Rinoceronte

RinoceronteEn estos tiempos donde reinan la masificación y ciertas nuevas tiranías, bien vale la pena recordar, retomar, saborear las páginas de Rinoceronte, obra que Eugène Ionesco escribió hace casi medio siglo y que aún hoy mantiene una vigencia intacta. Exponente del llamado «teatro del absurdo«, este libro nos acerca una visión escéptica, casi resignada de la condición humana, con la dosis de humor necesaria para rescatarnos de un posible hundimiento en el pesimismo más trágico.

De alguna manera, el dramaturgo de origen rumano ofrece su propia versión de La metamorfosis. De hecho, un poco como Franz Kafka, también apela al mundo animal para señalar el costado bestial del hombre, y también se detiene en lo irreversible e irremediable de una transformación ajena a los deseos y a la voluntad de las personas.

Sin embargo, mientras el escritor checo alude a un proceso privado (sólo afecta al señor Samsa) y con desenlace «micro» (el protagonista se convierte en insecto), Ionesco desarrolla su pieza teatral en un plano «macro» por partida doble: primero porque el proceso de conversión afecta a un pueblo entero; segundo porque el rinoceronte es la especie elegida para el cambio.    

Editada en 1959, la obra se presenta como representativa de su época, y como ejercicio de reflexión en torno a un pasado tan terrible como inmediato, relacionado con la coexistencia regional de distintos regímenes totalitarios y con el estallido de la Segunda Guerra Mundial.
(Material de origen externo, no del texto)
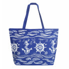 Carry your essentials in style with our beach bag featuring a nautical wheel and anchors design.
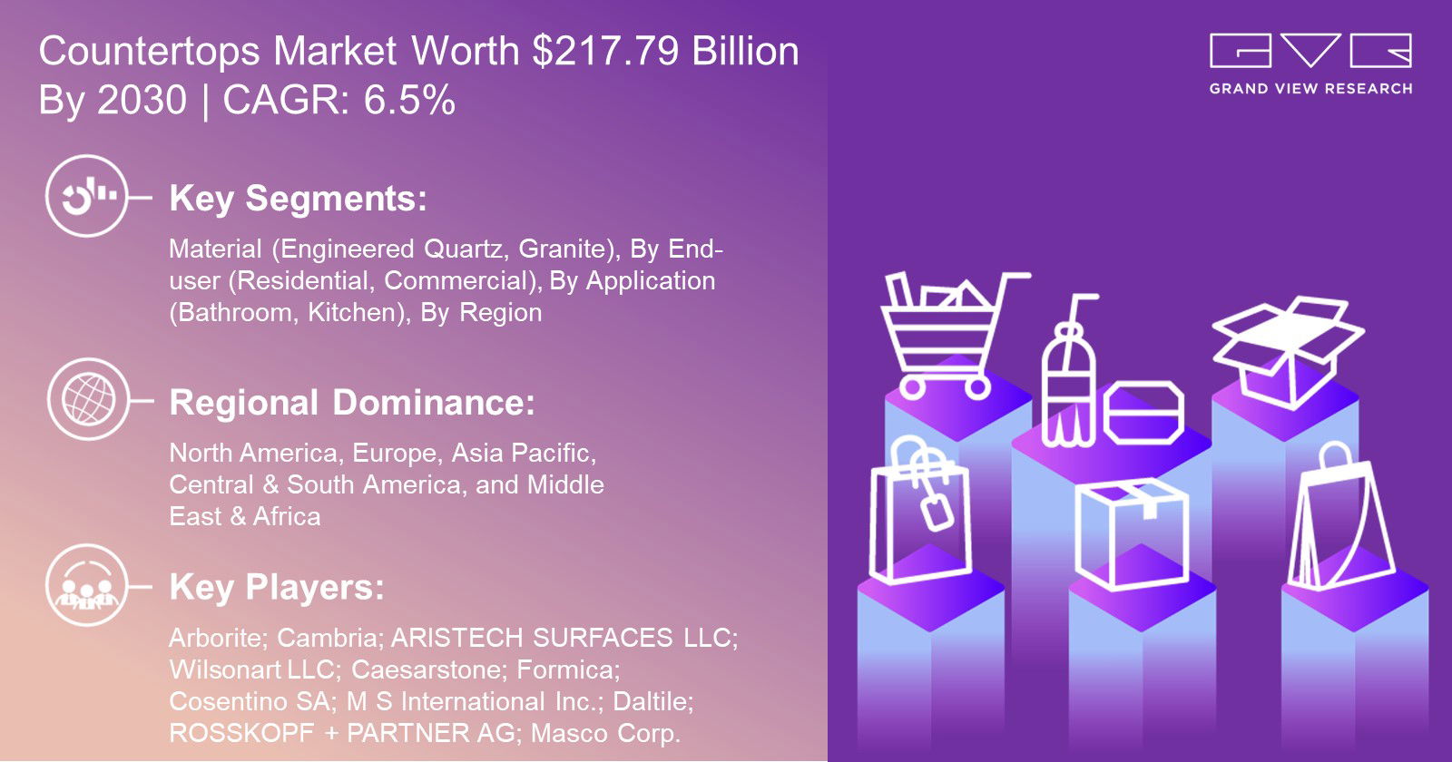 Grand View Research has segmented the global countertops market on the basis of material, application, end-user, and region:
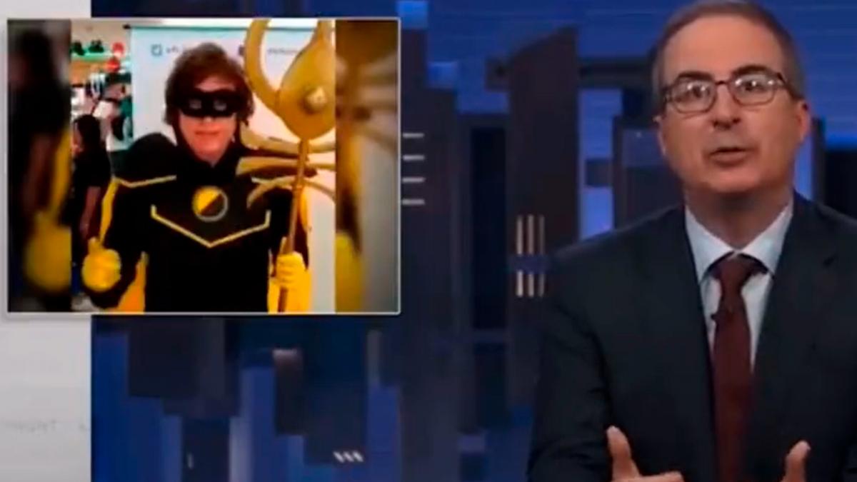 Para presentar al candidato argentino a la audiencia estadounidense, Oliver mostró una imagen de Milei con un disfraz al estilo cosplay de superhéroe "General Ancap" (abreviatura de anarcocapitalista). El conductor remató con que "Milei es un montón" y calificó como "malas" sus ideas.

Para muchos, ésta es una fábula sobre sobre el nazismo, más específicamente sobre el accionar de los colaboracionistas franceses en tiempos de la ocupación alemana. Para otros, estamos ante una denuncia encubierta contra la dictadura que Nicolae Ceausescu impuso en el país del autor.

Al margen de alusiones históricas específicas, lo cierto es que Rinoceronte es una alegoría sobre los peligros del despotismo y la homogeneización en general. De hecho, Ionesco se permite inventar la palabra «rinoceritis» para referirse a la enfermedad por la cual los seres humanos podemos ser víctimas de cierta ceguera mental que indefectiblemente nos lleva a atropellar, embestir, aplastar, matar.

Sin dudas, el neologismo trasciende la década del ’50, y se adapta perfectamente al mundo actual donde -a falta de grandes dictadores como Hitler, Stalin, Franco o Mussolini- convivimos con otro tipo de fanáticos megalómanos. Así, en el contexto actual, algunos de nosotros bien podemos sentirnos identificados con Bérenger, protagonista que -aún con sus limitaciones a cuesta- se debate por resistirse a la apabullante «rinocerontización» de la sociedad.

De ahí la rápida pero insistente recomendación de recordar, retomar, saborear las páginas de este (¿olvidado?) libro.